Because Indianapolis, the game then in the cavernous football Hoosier Dome, was the site of Michael Jordan’s first All-Star game, and if not one of the most discussed NBA All-Star games of all time, it was probably the most important All-Star game for Bulls franchise history.

That Jordan inaugural 1985 All-Star game became the famous “Freeze-Out” game when NBA stars, supposedly led by Chicago native Isiah Thomas, allegedly kept the ball away from the super popular rookie Jordan in an attempt to embarrass him and demonstrate that he’d have to wait his turn behind the stars of the day, like Magic Johnson, Julius Erving, George Gervin, Larry Bird, Moses Malone, and, of course, Thomas.

It’s the stuff of NBA legend, and it almost certainly didn’t happen the way they said then. Still, you don’t want to ignore a good conspiracy as we see so often these days.
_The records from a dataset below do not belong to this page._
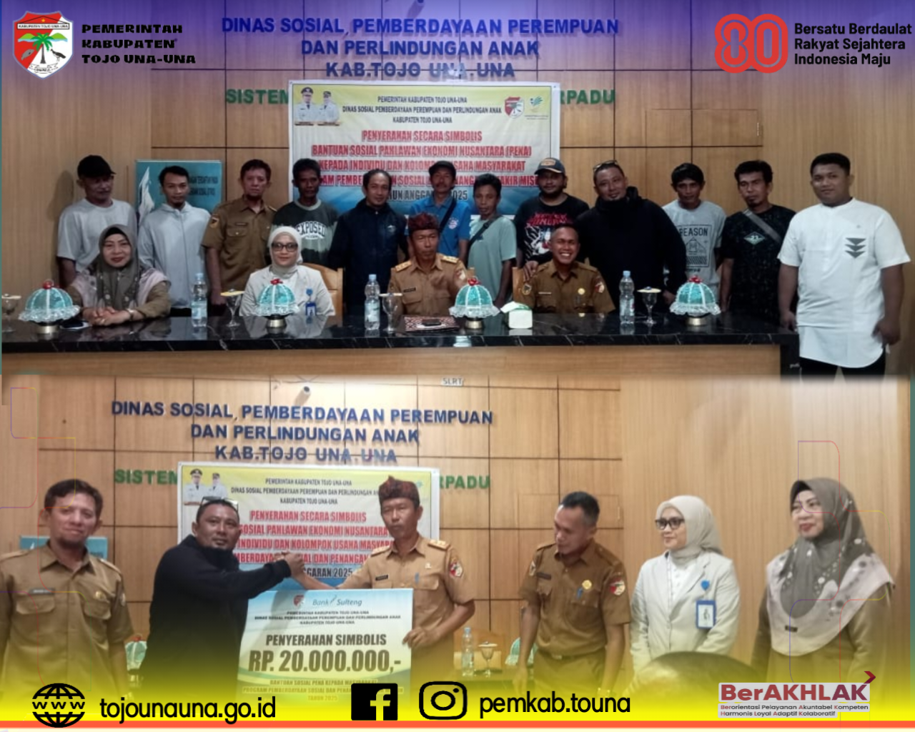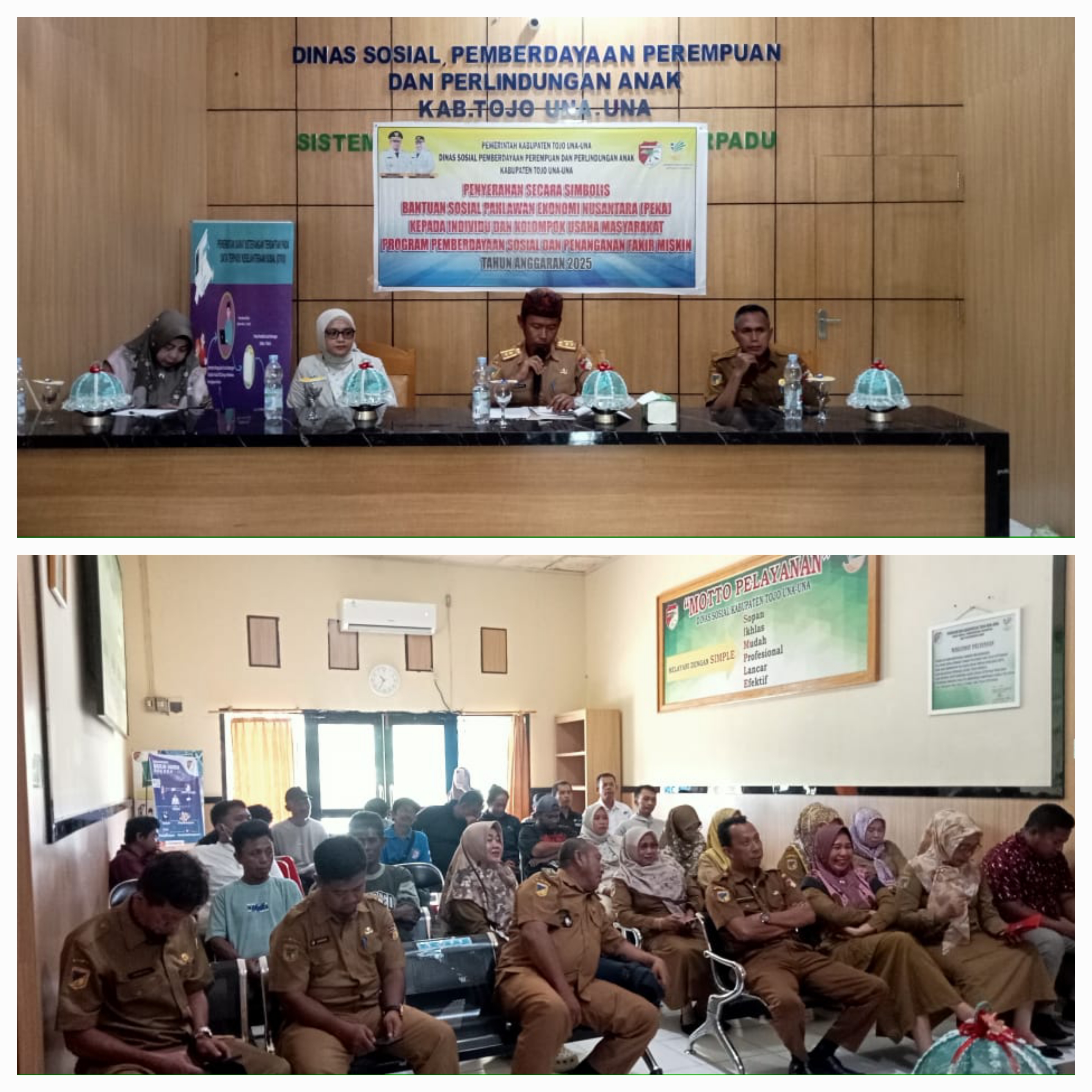 Bupati Tojo Una-Una dalam hal ini diwakili oleh Plt. Kepala Dinas Sosial, Pemberdayaan Perempuan dan Perlindungan Anak Kabupaten Tojo Una-Una, Ishak W. Kanali, menyerahkan secara simbolis bantuan sosial program Pahlawan Ekonomi Nusantara (PENA) yang berlangsung di ruangan SLRT Dinas Sosial, Senin (6/10/2025).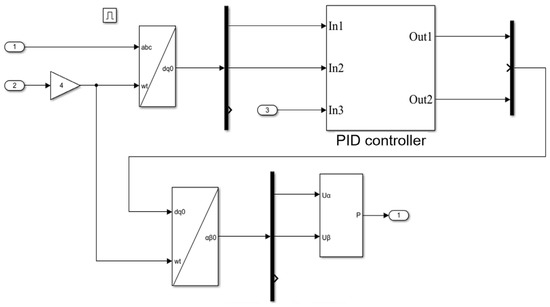The control module is based on the PID control method introduced in the previous section to control the motor. The input value of this module is the three-phase current of the motor, the angle of the motor, and the speed of the motor, and the output value is the PWM signal to stabilise the speed of the motor at the target value [24,25]. The specific structure is shown in Figure 3. The inputs 1, 2, and 3 in Figure 3 correspond to In1, In2, and In3 in Figure 2, which represent the system control signals. The desired value is set within the PID control block itself. The block’s inputs include the current motor speed and the transformed current obtained through the system, while the output is the adjusted current after PID control. The Gain Block 4 is used to convert the input motor angle for further processing in the control system. In the current simulation model, a delay module has been implemented, with the motor starting at t = 0.1 s.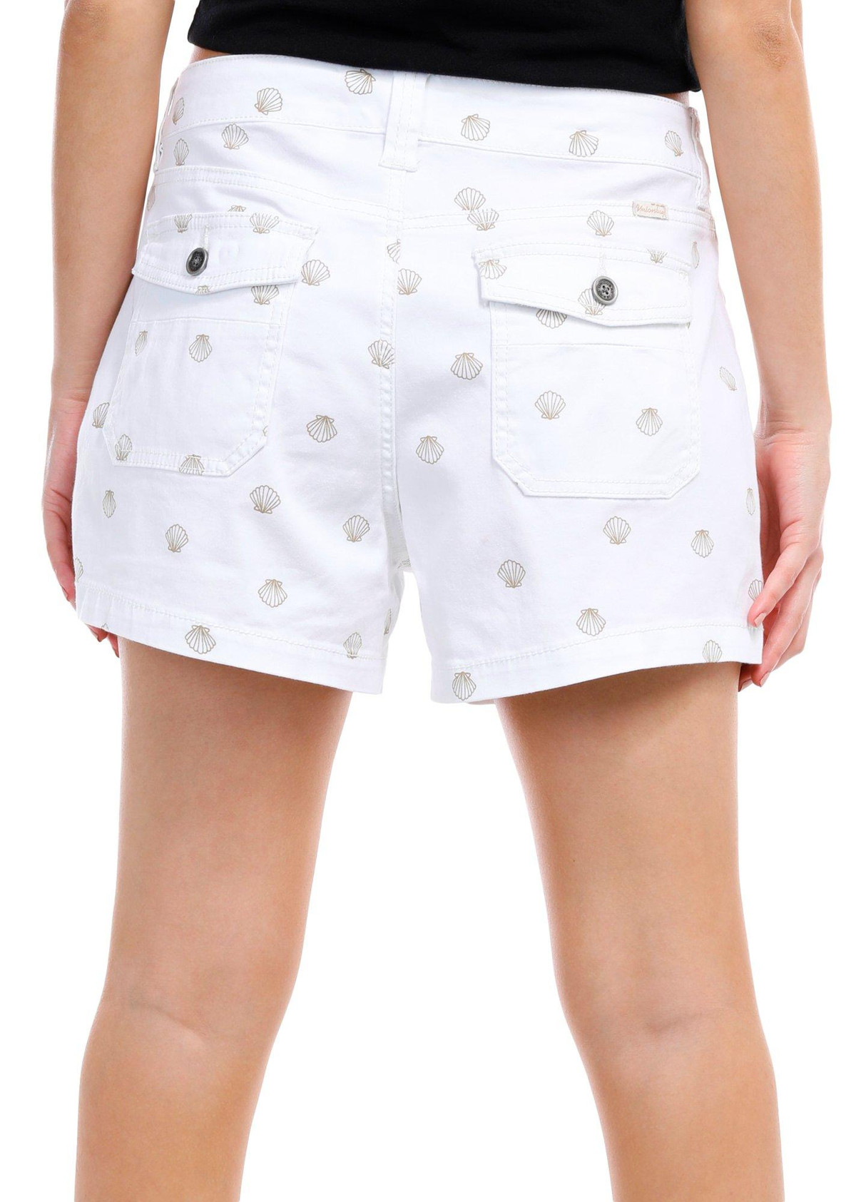These Delaney shorts feature a stylish design on lightweight stretch fabric, two front pockets, two back button-flap pockets, and fashionable seam detailing. The inseam measures approximately 3.5 in. Fabrication is 96% cotton and 4% spandex.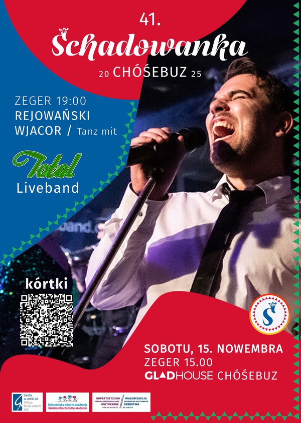Ab 19 Uhr beginnt dann der Abend mit Tanz unter Anleitung und einem kleinen Programm des Niedersorbischen Gymnasiums, Gesang und der Musik einer Nachwuchsband. Ab 21 Uhr übernimmt dann die Liveband TOTAL. Wir freuen uns über alle Gäste, die die sorbische Kultur mögen. Ihr könnt tanzen, euch mit Freunden treffen, eure Tracht ausführen oder in „40 Jahre Schadowanka“ stöbern.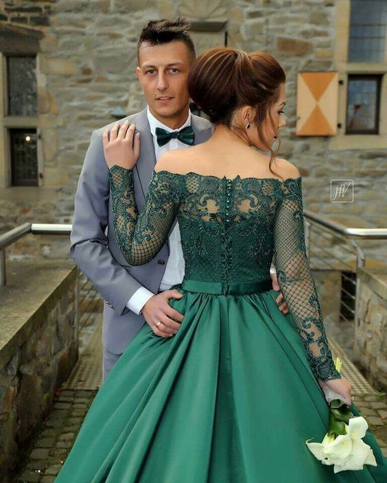 Modest Dark Green Party Dress Off The Shoulder Prom Dresses Prom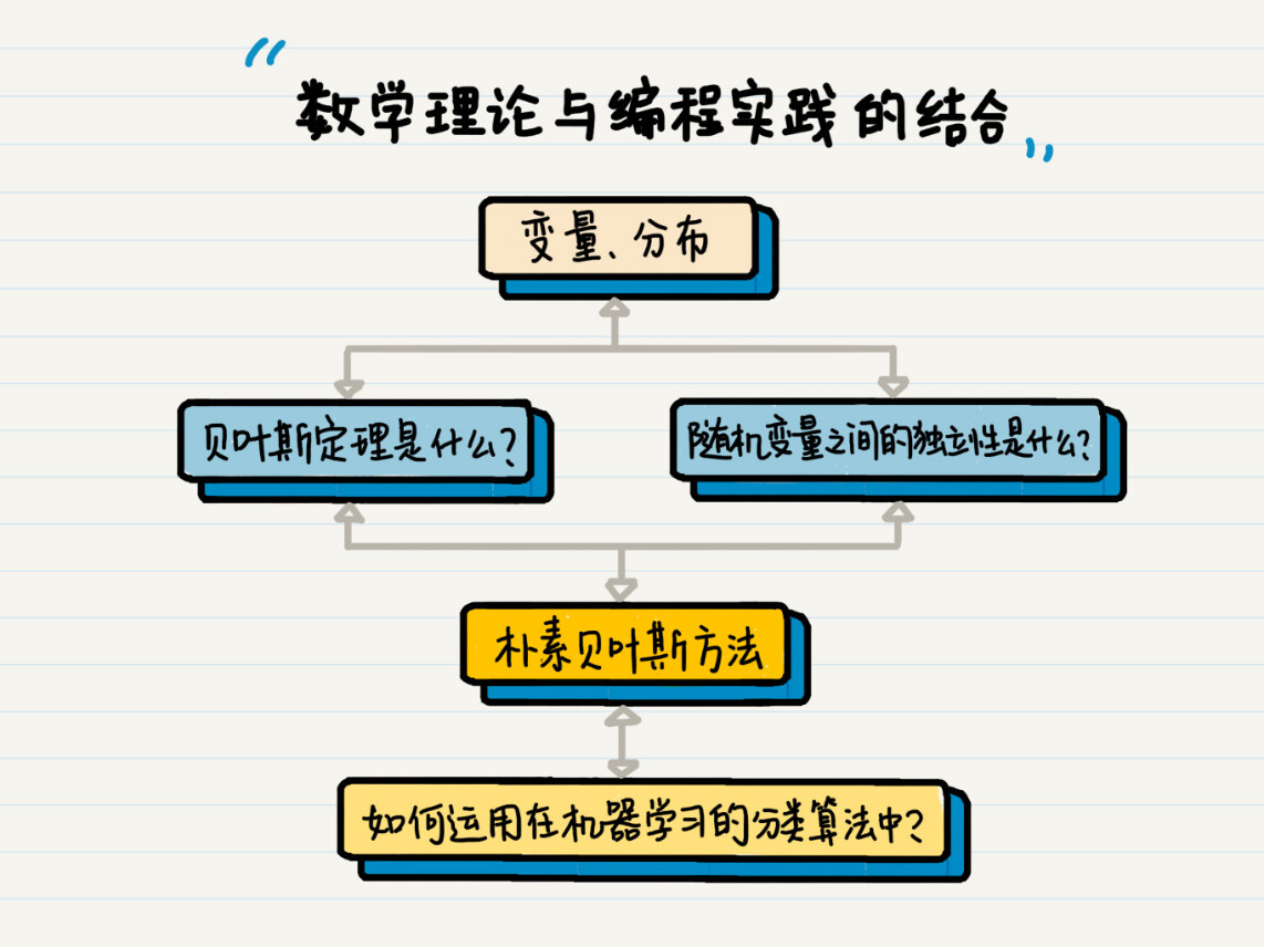 比如,对于朴素贝叶斯方法,我会从基本的随机现象、随机变量和概率分布等着手。随后,我会逐步深入,结合这些数学知识在编程算法中的应用进行展开。比方说,贝叶斯定理是什么,随机变量之间的独立性是什么,这些是如何构成朴素贝叶斯方法的,而最终朴素贝叶斯又是如何被运用在机器学习的分类算法之中的。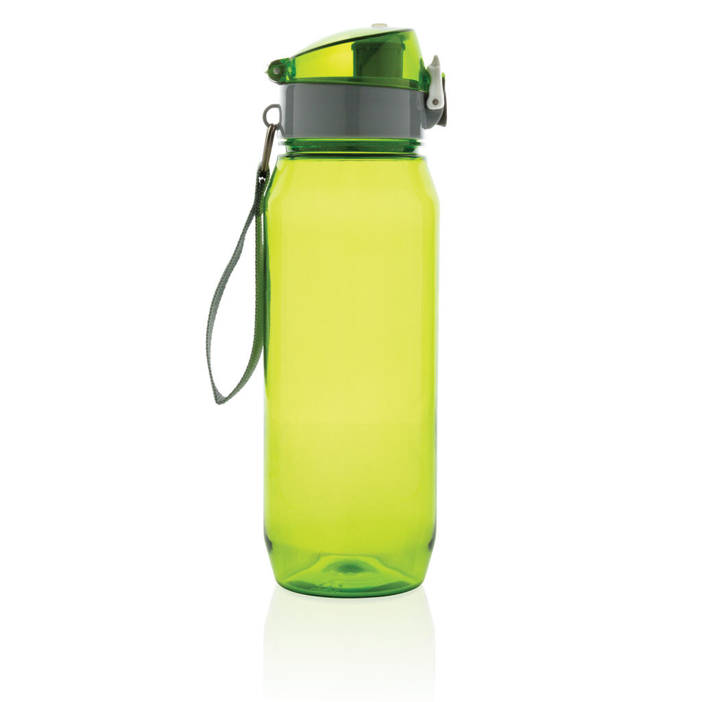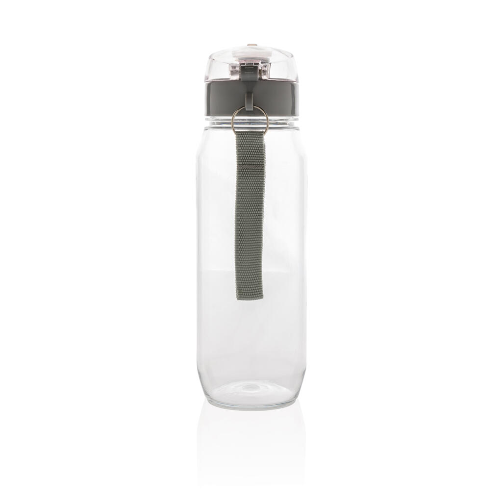 Бутылка для воды Tritan объемом 800 мл. Прозрачная бутылка из экологичного материала, который не впитывает запахи и не содержит бисфенол. У бутылки удобная крышка, которая открывается нажатием на кнопку, есть фиксатор, который не позволит бутылке случайно открыться во время движения. В комплект входит ремешок для запястья.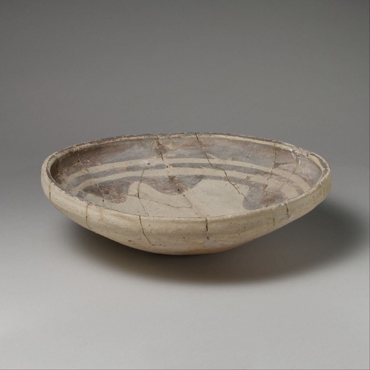 This dish is decorated with a dark brownish paint in three concentric rings. The band around the rim is the widest, while the inner ring is ornamented with three groups of double half-moons in solid paint facing the center of the dish. The dark painted pale pottery characteristic of the Ubaid period has been found throughout Mesopotamia. It originated in the south, and then spread north and west. Over time the designs changed, which helps archaeologists to date sites where it is found. The whole sequence of Ubaid pottery was excavated at the southern Mesopotamian site of Eridu, where this bowl was discovered in a grave (Ubaid Cemetery, Grave 136). Toward the end of the Ubaid period in the south, pottery was less skillfully painted but some of the grave pottery, like this one, has simple but bold and effective designs.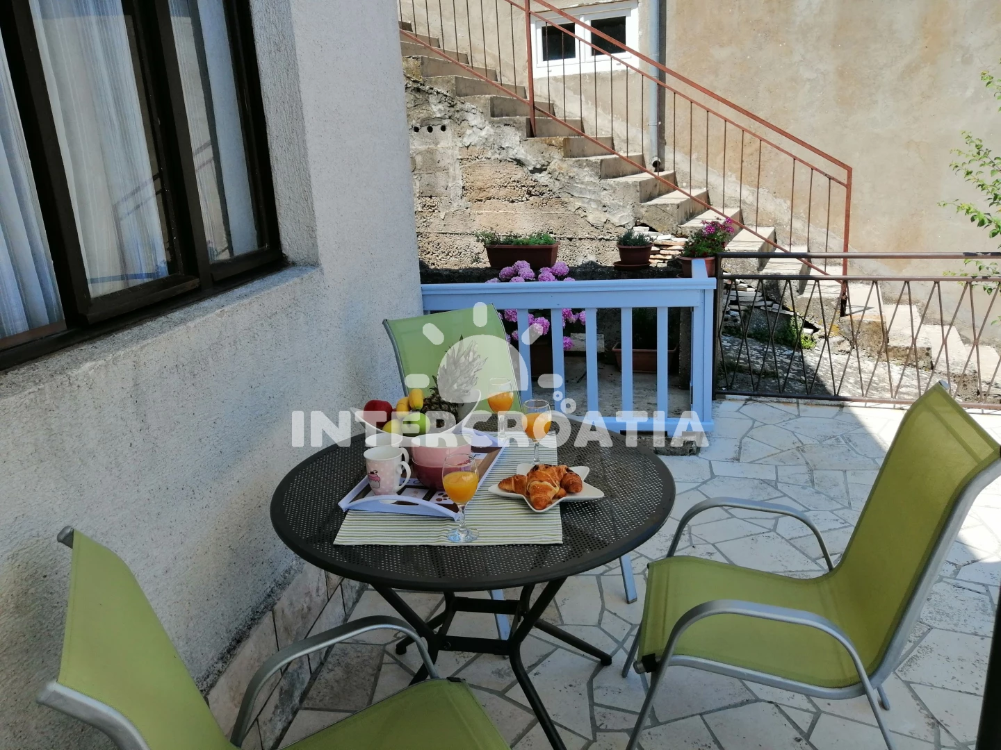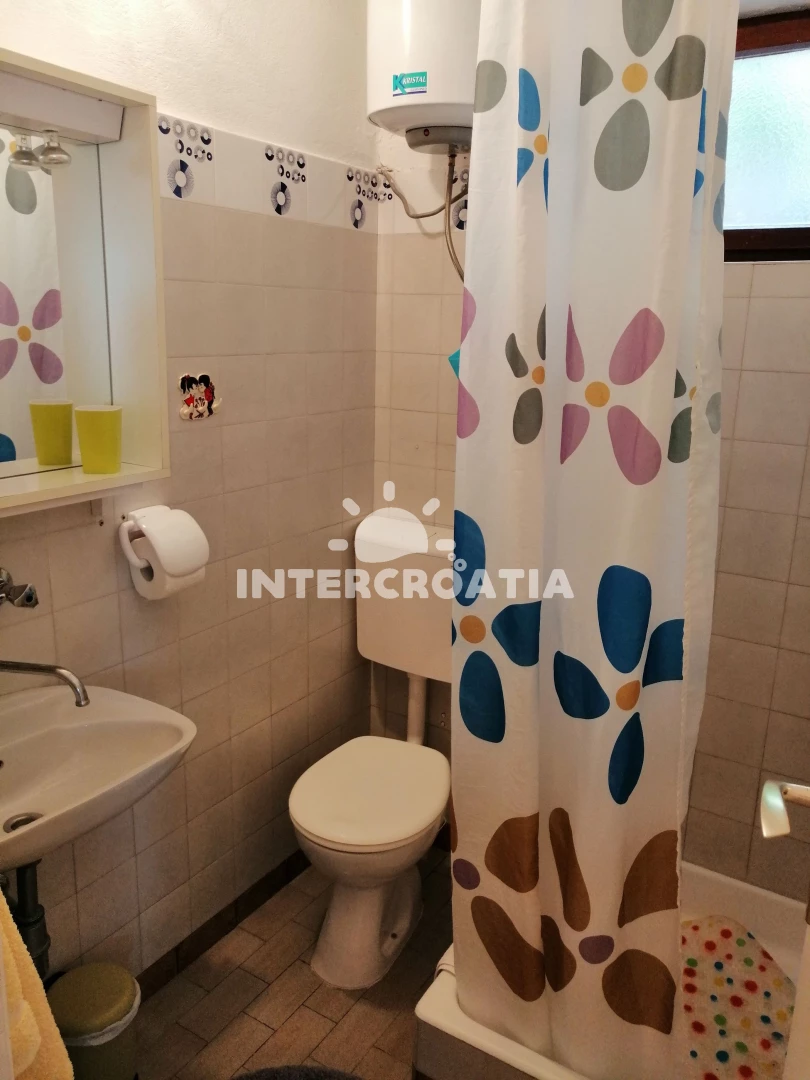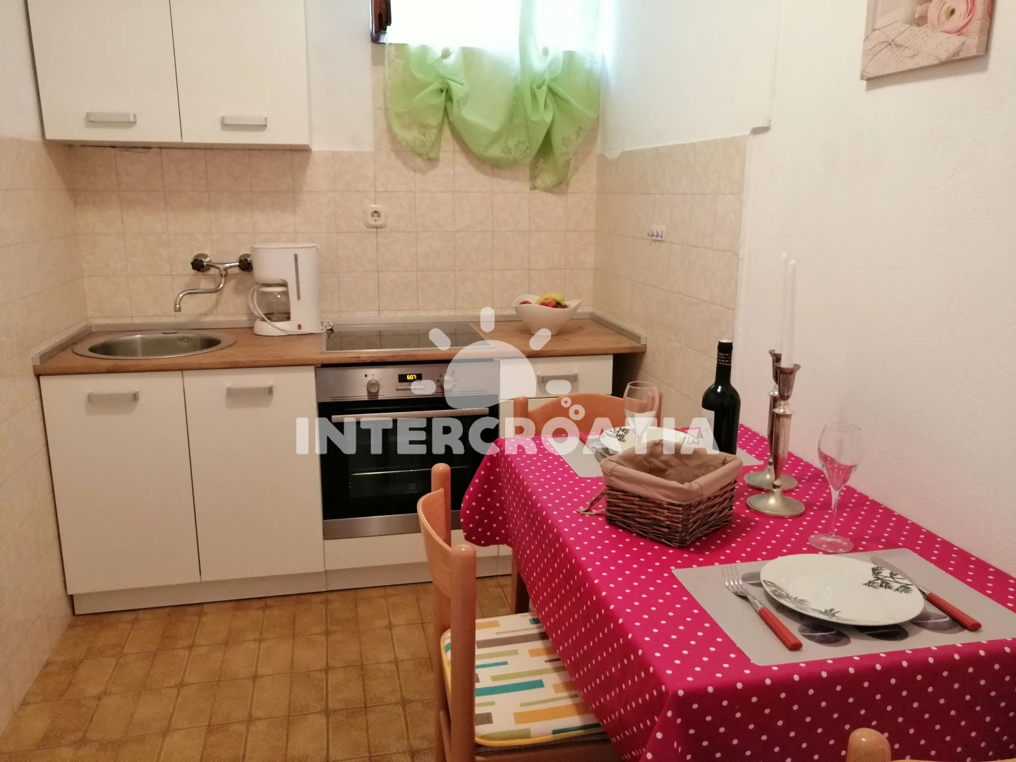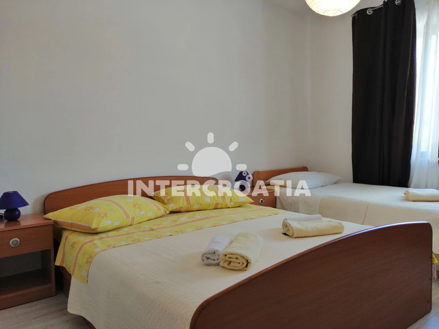 Apartmán se nachází 200 m od moře a pláže. Pláž je skalnatá, oblázková, větší kamení a betonové desky. Parkování je před domem.

But what the events and whispers produced was the beginning of the Jordan/Thomas and Bulls/Pistons rivalries that were among the most intense and brutal perhaps in NBA history, and more importantly for the Bulls it began in Jordan the career long chase for slights and motivations that came to define his competitive nature and likely was one of the main reasons Jordan became the on-court killer that he did. And with that his unique refuse-to-lose ethic that pushed him to become one of the biggest winners in league history and regarded as likely the greatest player ever in the NBA.

After all, that wasn’t the Jordan in college, who did make a game winning championship shot, but who willingly deferred to better known teammates and never averaged more than 20 points in a college season, 17.7 combined for his three at the University of North Carolina.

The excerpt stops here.